The beneficial effects of estrogen, or 17β-estradiol, replacement on cardiovascular disease and neurodegenerative diseases, such as stroke and Alzheimer's disease, are well known (1). However, the National Institutes of Health's Women's Health Initiative (WHI), a 15-y study of more than 12,000 postmenopausal women, surprisingly failed to observe a protective effect of hormone replacement therapy on the cardiovascular system and reported a small but significant increase in risk for stroke and dementia. The average age of subjects in the WHI study was 63 y, far past the onset of menopause. It has been suggested that there may be a “critical period” for the beneficial protective effect of estrogen on the brain and that the hormone may need to be administered around menopause or earlier to observe a beneficial effect on the cardiovascular and neural systems. Here, we provide evidence supporting the existence of a critical period for the neuroprotective effect of estrogen in the hippocampal CA1 region, a region critical for cognition, learning, and memory. We further demonstrate a potential mechanism for the critical period by demonstrating that an enzyme called carboxyl terminus of Hsc70-interacting protein (CHIP) binds and promotes degradation of the α-subunit of the estrogen receptor (ER) in the female rat hippocampal CA1 region following long-term estrogen deprivation and natural aging. We show that in periods of low circulating estrogen levels, the unliganded ER displays increased binding to CHIP, leading to its ubiquitination, a posttranslational modification (Fig. P1). We also show enhanced interaction of ER and CHIP with the protein, Bcl-2–associated athanogene 1 (Bag-1), which has been implicated in the delivery of ubiquitinated proteins to the proteasome, a cellular organelle where protein degradation occurs. The proteasomal degradation of ER is proposed to underlie decreased sensitivity of the hippocampus to the hormone and a corresponding loss of neuroprotection that was observed after long-term deprivation and in aged rats (Fig. P1).

Fig. P1.

Fig. P1.

CHIP-mediated ubiquitination and proteasomal degradation of ERs in the hippocampal CA1 region following long-term estrogen, or 17β-estradiol, deprivation or natural aging. Long-term E2 deprivation or natural aging leads to an unliganded ER. The unliganded ER displays enhanced binding with the E3 ubiquitin ligase CHIP and the cochaperone Bag-1, leading to enhanced ubiquitination and proteasomal degradation of ER degradation. The enhanced proteasomal degradation of ER leads to a decreased sensitivity of the hippocampal CA1 region to E2 and a correlated loss of E2 neuroprotection. E2, 17β-estradiol; LTED, long-term estrogen deprivation, Ub, ubiquitination.

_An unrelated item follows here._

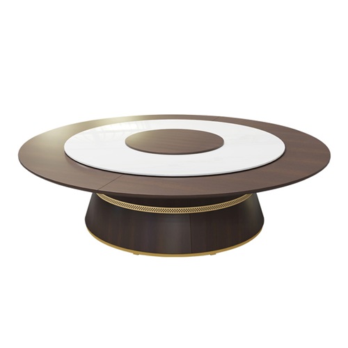 产品材质:电动餐桌的台面是由实木+岩板转盘组成,桌脚围板是纤维板材和钛合金饰片装饰。可定做

Previous work by our laboratory and others revealed that long-term estrogen deprivation leads to a loss of neuroprotection in animal models of focal and global cerebral ischemia (GCI). Furthermore, we recently showed that the loss of neuroprotection of the hippocampal CA1 region was correlated with a significant decrease in the α- but not β-subunit of the ER (2). This decrease in ERα and estrogen sensitivity was tissue-specific, because ERα did not decrease in the uterus following long-term deprivation and the uterus, unlike the hippocampal CA1 region, remained sensitive to the action of estrogen. The mechanisms underlying the decrease of ERα in the hippocampal CA1 region following long-term deprivation are unknown. Previous work in breast cancer cells demonstrated that the enzyme CHIP binds and promotes degradation of the unliganded ERα via the ubiquitin-proteasome degradation pathway (3, 4). Because long-term deprivation results in very low serum estrogen levels, we hypothesized that the reduced levels of ERα in the hippocampal CA1 following long-term deprivation may be attributable to CHIP-mediated proteasomal degradation of ERα. Furthermore, because long-term deprivation is only a model of aging, it was important to determine whether ERα levels and estrogen sensitivity of the hippocampal CA1 region are similarly attenuated with natural aging.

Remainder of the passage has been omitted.